The object language of these lectures is a minimal dependent type theory: functions whose result type may depend on the argument, a unit type, and a universe. Its programs arrive as strings, and this chapter turns strings into trees. The tool is the parser combinator: instead of a grammar file handed to a generator, a parser is an ordinary value of the language, and small parsers compose into larger ones with ordinary functions. We build the library twice. The first version is as small as it can be, so that every design decision is visible; the second revises what failure means, and the grammar is built on it.
The surface language
Variables, the universe U, the unit type Unit with its element unit, lambdas plain and annotated, application by juxtaposition associating to the left, function arrows associating to the right with the dependent form (x : A) -> B, and let with a mandatory annotation. The reserved words are let, U, Unit, and unit.

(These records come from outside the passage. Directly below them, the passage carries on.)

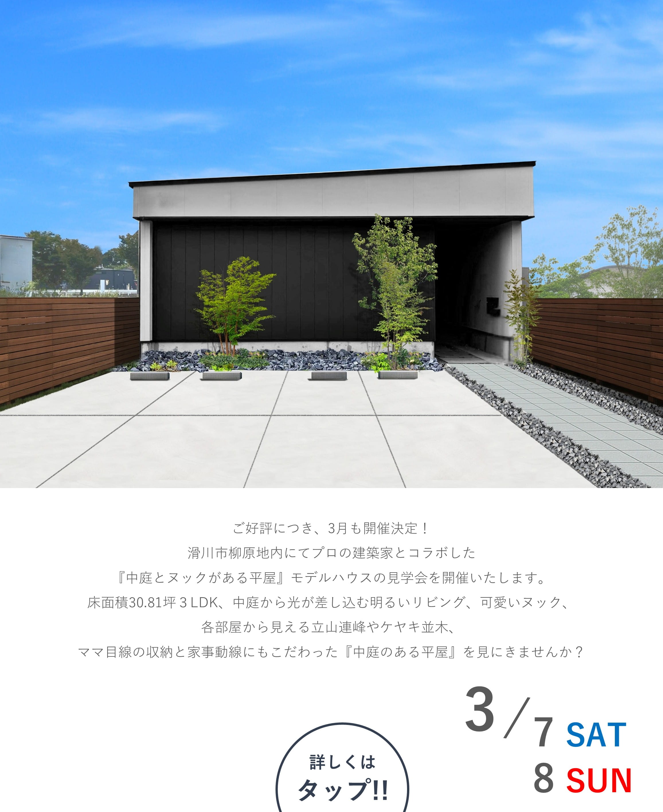 滑川市柳原地内にて、『31坪3LDK・中庭のある平屋』のモデルハウスを公開中!スタッフが常駐しておりませんので、お手数をおかけしますがご来場の際にはご予約をお願いいたします。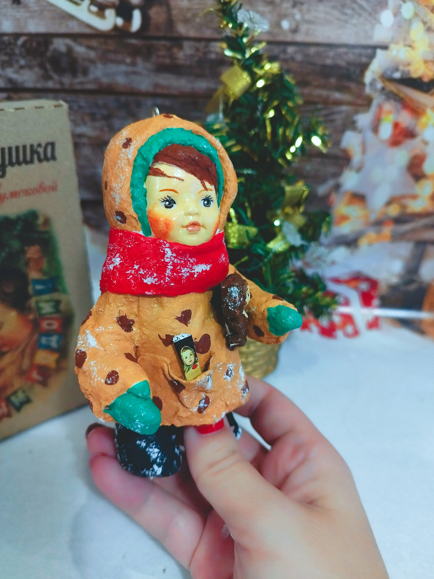 Ватная елочная игрушка - девочка с чебурашкой и шоколадкой информация:
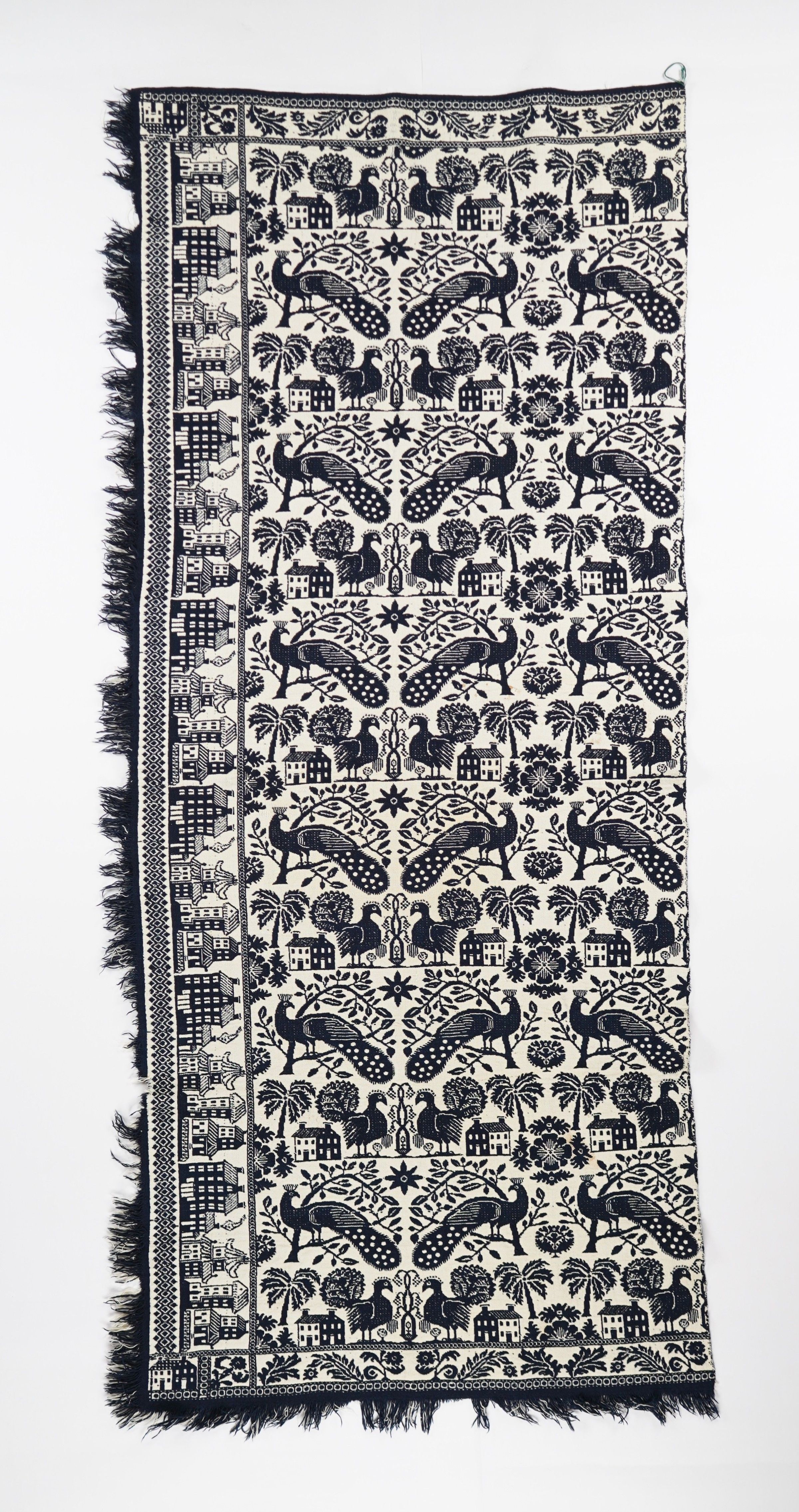 Figured and fancy doubleweave coverlet panel with wide side border, narrow top and bottom borders, and self-fringe on side and bottom. Single panel, seamless. Blue wool with undyed cotton. Peacock, turkey, palm tree, and house in the centerfield pattern; "East meets West" side border; leaves and flower stems in top and bottom borders.Context

The spelling follows Kovács' elaboration-zoo, the reference implementation that chapter 2 cross-reads, with two deliberate deviations: everything is ASCII, and the annotated lambda \(x : A). t exists because chapter 4 will need it. Why an annotation on let but not on every lambda is a question this chapter cannot yet answer; it is the heart of chapter 2.
A type for parsers
A parser consumes a prefix of the input and either produces a value and the rest, or refuses. Written as a type:
def Parser (a : Type) : Type :=
List Char -> Option (a × List Char)The type Parser a is a plain function type; there is nothing else in it. Sequencing two parsers means running the first, and, if it succeeded, running the second on what remains. That is exactly a bind, so the vocabulary of chapter 0 applies verbatim:
def Parser.pureImpl (x : a) : Parser a := fun input =>
some (x, input)
def Parser.bindImpl (p : Parser a) (f : a -> Parser b) : Parser b := fun input =>
match p input with
| none => none
| some (x, rest) => f x rest
instance : Monad Parser where
pure := Parser.pureImpl
bind := Parser.bindImplLawful? Probably. Proved? No. Needed? No. With the Monad instance in place, do-notation works, and the primitive parsers are one-liners:
def fail : Parser a := fun _ =>
none
def item : Parser Char := fun input =>
match input with
| [] => none
| c :: rest => some (c, rest)
def satisfy (pred : Char -> Bool) : Parser Char := do
let c <- item
if pred c then pure c else fail
def char (c : Char) : Parser Char :=
satisfy (· == c)
#guard item "ab".toList == some ('a', "b".toList)
#guard char 'a' "ab".toList == some ('a', "b".toList)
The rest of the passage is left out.